As she ventured down the dimly lit hall, located the impeccably outfitted guest bathroom, and closed the door behind her, her head began to ache—dehydration again—and she wondered who Dina might be. A girlfriend he somehow hadn’t mentioned before now, despite all his incessant rambling?
That seemed unlikely. Dina was probably a housekeeper or his cook.
Lauren’s shoulders loosened. Only because it might have been awkward to reconcile her need to watch over Alex with the demands of a girlfriend, who might understandably want privacy for a long-awaited reunion.
Otherwise, his having a girlfriend wouldn’t bother her at all.
After relieving her bladder and washing her hands, she splashed more water on her face. Only to discover that his hand towel was made from some form of cotton she’d never encountered before, one presumably blessed by angels during the manufacturing process. The towel simultaneously dried her face and caressed it, and if she weren’t a pathologically honest person, she’d have slipped it in her purse.
Once she’d dried the marble-topped vanity with another one of those miraculous hand towels, she contemplated herself in the mirror. Rumpled, water-splotched tee. Under-eye circles fully as dark as Alex’s fading shiner. Limp hair falling from a haphazard ponytail.
Still, she’d never emerged from a plane this unscathed before. After a single business-class flight, she was likely to weep in despair the next time she sat in coach.
Faced with Alex’s inimitable charm and gimlet eye and expensive tickets, no one had blinked at either her size or her need for a seat belt extender. As he’d promised, the wider seat gave her just enough room to sit comfortably. More than that, its various controls allowed her to lie almost flat after a three-course dinner, a quilted blanket on top of her as she resisted removing her complimentary eye mask and glancing to her left, where Alex was seated by the window in their two-person row.
She hadn’t slept much, but she’d had substantial time to herself in the dim cabin. He’d even kept his promise, despite those inadequately hidden fingers he’d crossed behind his back, and let her rest without bothering her. Probably because he’d done some napping himself. At mealtimes, he’d picked at her in his usual way, but—
He hadn’t complained that she took up more than her share of the wide armrest between them. He hadn’t remarked on how the tray table sat at a wonky angle as she ate because of her belly. And when they’d lifted off and landed, he’d somehow reached new heights of ridiculousness, his whispered asides so outrageous, she ended up paying more attention to him than the thud of gears or the sight of land either dropping away from them or zooming closer with dizzying speed.
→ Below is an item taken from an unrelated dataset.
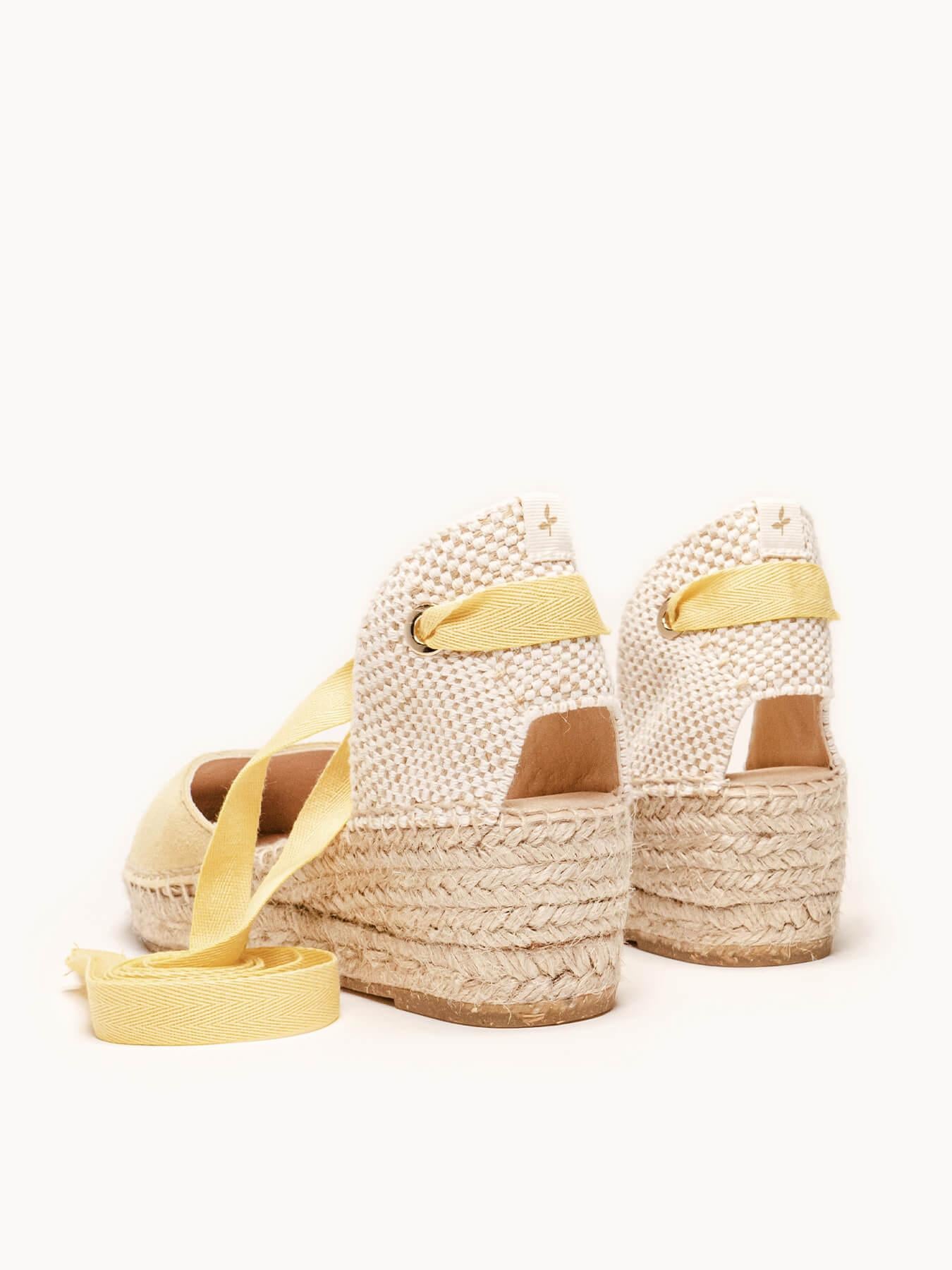 La alpargata de cuña baja Romero, es nuestro modelo más icónico. Una alpargata valenciana de escote corazón con cintas que podrás llevar con tus looks especiales y también con los del día a día. Podrás darle un toque especial porque las cintas se pueden cambiar.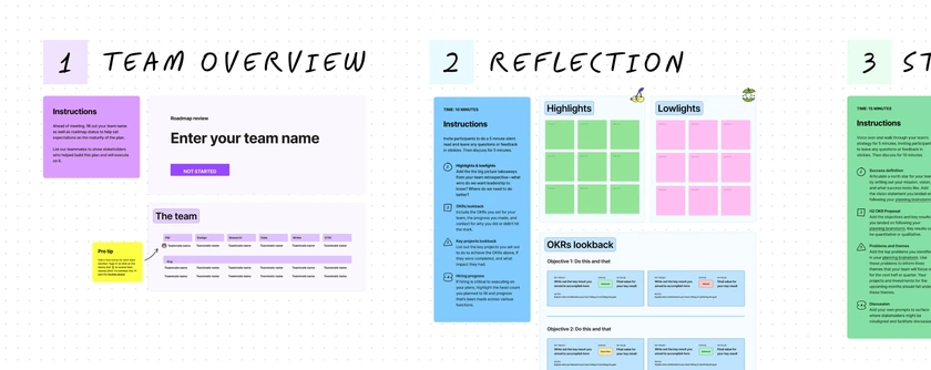 FigJam에는 300개 이상의 사전 제작된 템플릿이 있어 브레인스토밍 세션을 효율적으로 시작할 수 있다. 예를 들어 프로젝트 킥오프 템플릿, 마인드맵 템플릿, SWOT 분석 템플릿 등 다양한 상황별 보드 레이아웃을 불러와서 곧바로 아이디어를 적어나갈 수 있다. 또한 투표(Voting) 위젯이나 타이머(Timer) 위젯 같은 도구를 활용하면 짧은 시간 내 아이디어를 모으고 우선순위를 정하는 워크숍도 FigJam 안에서 진행할 수 있다. 이를 통해 오프라인 회의에서 포스트잇을 나누고 점수를 매기던 과정을 온라인으로 똑같이 재현할 수 있다.

She blinked at the mirror, then realized she’d been staring blankly at her own reflection for minutes now.
Exhaustion. That was all her current stage of confusion indicated. Travel fatigue.
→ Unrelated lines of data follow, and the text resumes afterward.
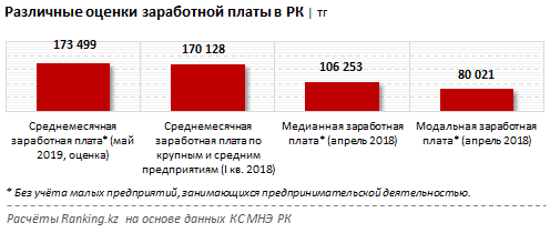 Среднемесячная заработная плата (СЗП) за май 2019 года без учета малых предприятий, занимающихся предпринимательской деятельностью, по оценке КС МНЭ РК, составила 173,5 тысячи тенге. Напомним, за первый квартал 2018 года среднемесячная заработная плата по крупным и средним предприятиям составляла 170,1 тысячи тенге. Для сравнения, СЗП по всем компаниям, включая малые предприятия, была всего 152,4 тысячи тенге.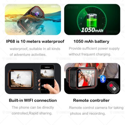 CERASTES Action Camera 4K60FPS With Remote Control Screen Waterproof Sport Camera drive recorder Sports Camera Helmet Action Cam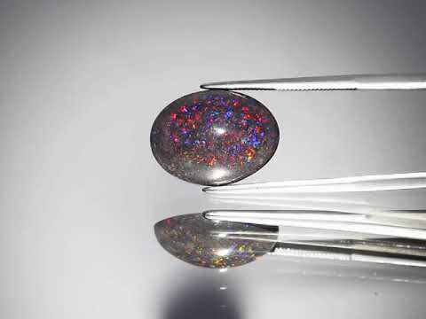 Straight from the fields of Andamooka in southern Australia, we present this amazing example of Andamooka opal! It has incredible full bodied play of color that glitters and pops in reds and blues with touches of orange and yellow in a tightly clustered fairy fire pattern. The rich body color of this piece provides the perfect backdrop for its play of color, creating a light to dark juxtaposition, and amplifying its color palette. This large collectors opal measures measures an impressive 15.5mm x 11.5mm x 5.3mm, and is untreated.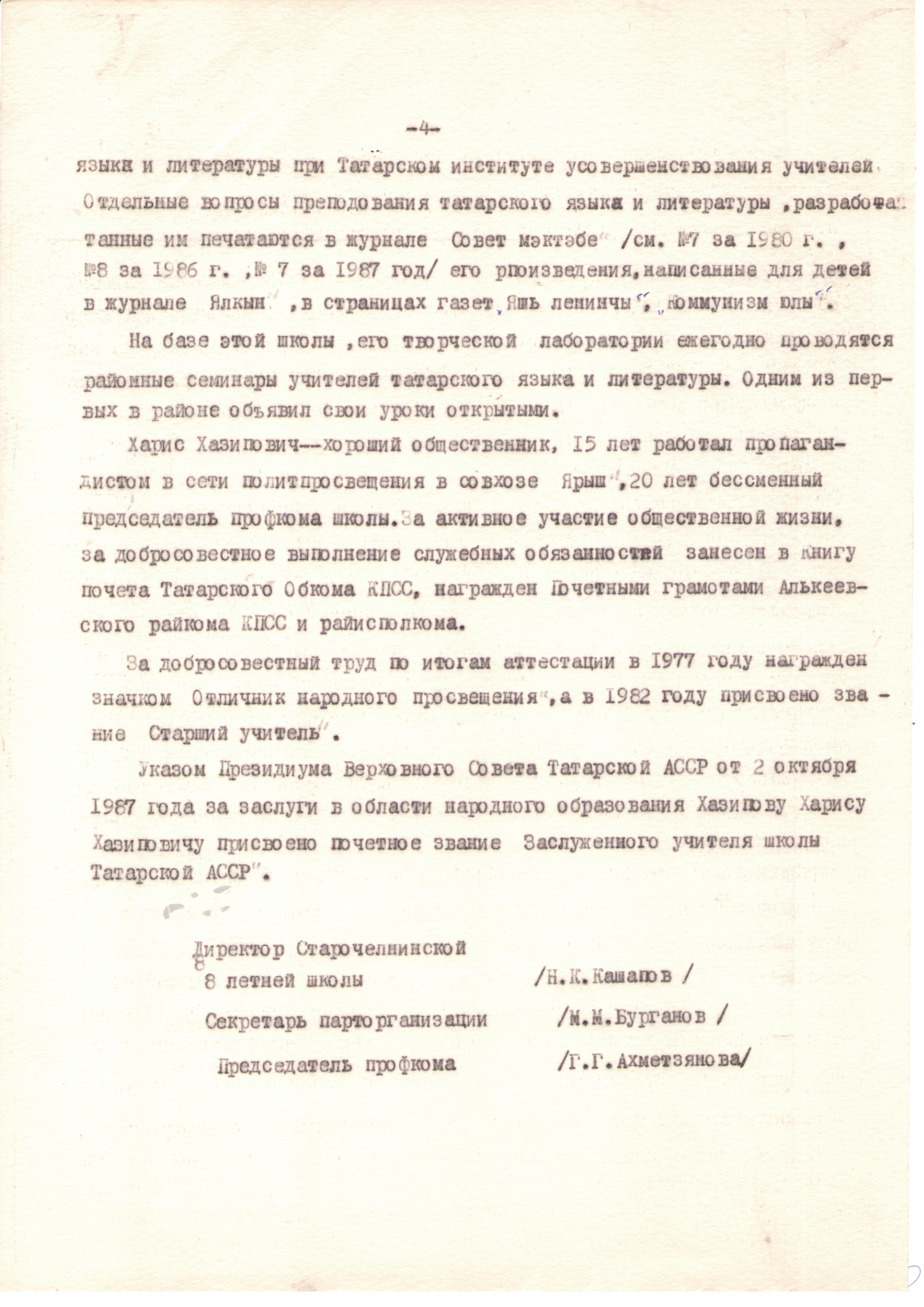 Родился в деревне Старые Челны в 1933 году. В 1962 году окончил историко-филологический факультет Казанского государственного педагогического института. С 1957 года работал учителем татарского языка и литературы Старочелнинской восьмилетней школы. В 1977 году награжден значком Отличник народного просвещения. Указом Президиума Верховного Совета Татарской АССР от 2 октября 1987 года за услуги в области народного образования Харисову Х.Х. присвоено почетное звание Заслуженного учителя школы ТАССР.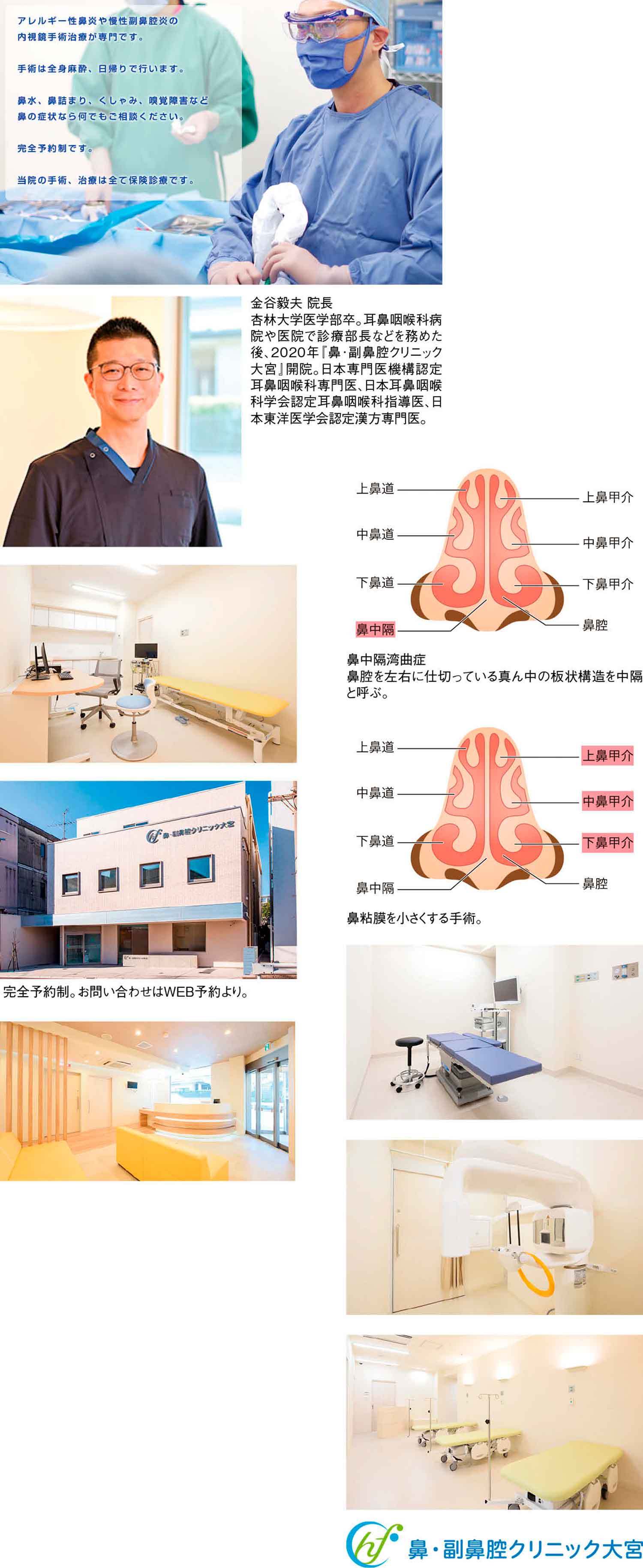 埼玉県さいたま市の『鼻・副鼻腔クリニック大宮』院長の金谷毅夫さんは、臨床研修医時代に鼻の手術で有名な開業医の手術を見学、通常4、5時間かかる手術を約30分で終わらせた技術の高さに驚き、その医師の下で研鑽、さらに病院や医院で手術部門の責任者などを務めながら約5千件の内視鏡手術を経験した後に開院した日本耳鼻咽喉科学会認定耳鼻咽喉科指導医。診療日の午前中を手術に当てているが、西洋医学だけでは限界があるとして取得した漢方専門医の資格も生かした重層的な診療で受診者の生活の質の向上に力を注ぐ。

When she came back to the great room, she saw a newly lit area off to the side. A casual dining nook, the table now carelessly set with a couple of mismatched napkins and two plates and a jumbled pile of silverware in the middle.
“Grab your own drink from the fridge,” she heard from around a corner, and she followed his voice to a gorgeous, white-tile-and-marble kitchen with gold accents.
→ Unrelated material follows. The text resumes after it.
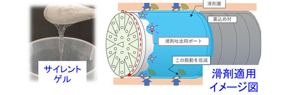 サイレントゲルの適用により、マシン外殻と地山の間で生じる周辺摩擦によってマシンが静止と滑りを交互に繰り返すスティックスリップ現象を抑制できる。室内模擬実験では従来品と比べ振動加速度を約50%低減する性能を確認した。実施工現場でも振動加速度レベルを7dB低減するなど、周辺摩擦低減と振動抑制の効果を確認している。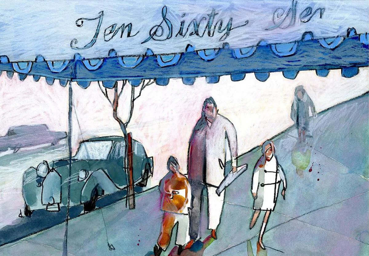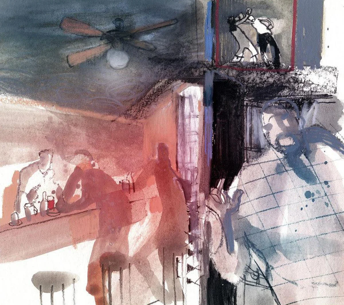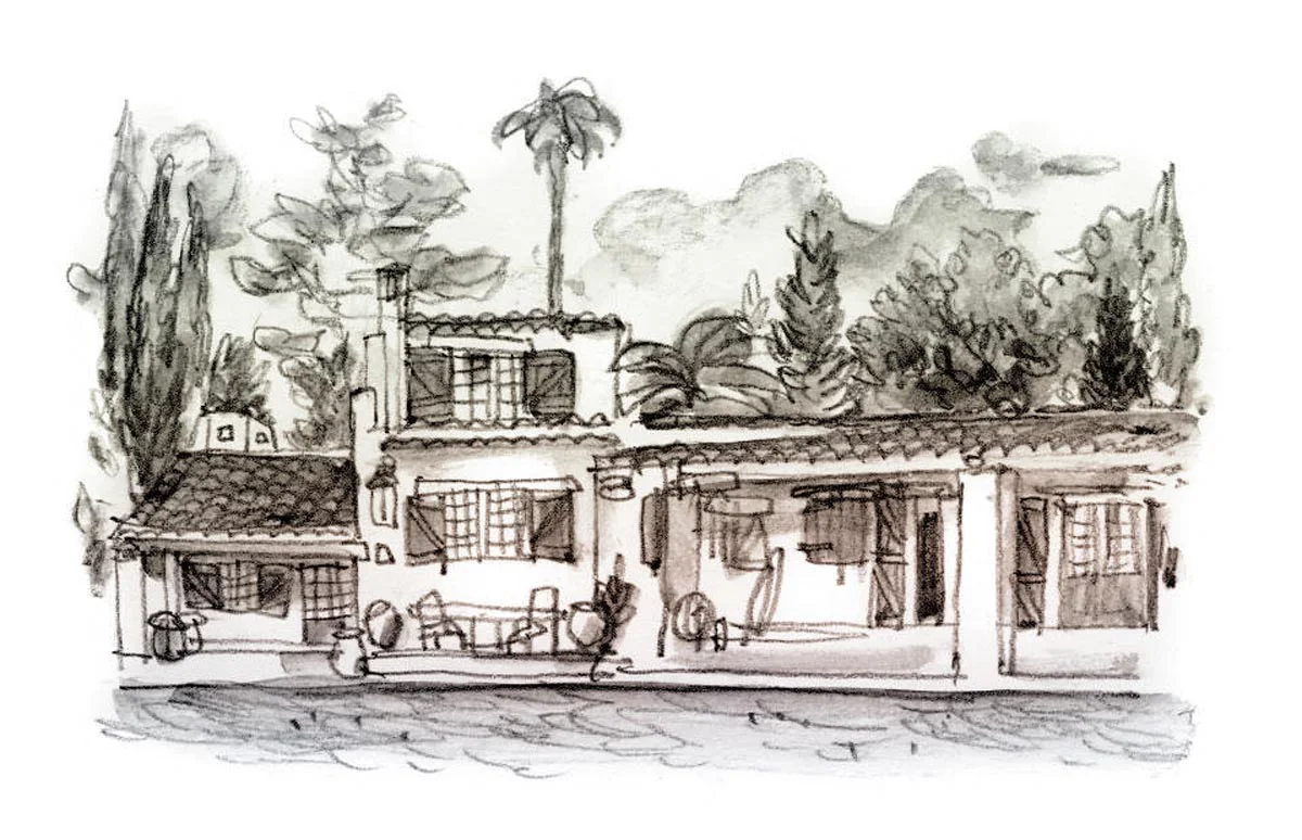 J’ai par exemple esquissé l’entrée d’une maison lors d’un voyage à Lisbonne. Je m’assieds à la terrasse d’un café. Deux frères servent les clients. Ils semblent être les propriétaires des lieux. Leur âge canonique laisse imaginer qu’ils ont dépassé depuis longtemps celui de la pension, mais que leur vie est là, que leur travail et leur vie ne font qu’un, que leur plaisir est de côtoyer leurs fidèles clients devenus des amis au fil du temps, et qu’ils ont peu d’intérêt pour les gens de passage, comme moi.

After plucking a sleekly curved bottle of grapefruit soda from the refrigerator’s gleaming depths, she closed the heavy door and turned back to him.
Alex stood bent in front of a built-in microwave, his elbows resting on the marble countertop as he watched a glass container spin inside.
“Hope you like chicken enchiladas. If you don’t, you’re objectively wrong, because chicken enchiladas are fucking delicious. Especially Dina’s.” He pursed his lips. “Still, there might be a couple other prepared meals in the fridge, if you’re determined to be contrary and incorrect. Shit, I should have put a top over this. It’s popping now, and—”
He opened the microwave door and touched the side of the glass container with his fingertip. “They’ll still be lukewarm in the middle, but let’s throw caution to the wind and eat them anyway. Apologies for my culinary laxity, Nanny Clegg. I know you must be scandalized.”
She leaned against a counter and crossed her arms over her chest. “Do you ever run out of words?”
“Nope.” He popped the p in emphasis. “I remain consistently delightful at all times.”
Once he grabbed a marble trivet to put beneath the dish, she followed him into the dining nook. And despite what he’d just told her, he hardly said a word after serving up enchiladas onto both plates. Too hungry to waste time speaking, she supposed. Or maybe he was simply as tired as she was, because he was slumping a bit now, his elbows again propped before him.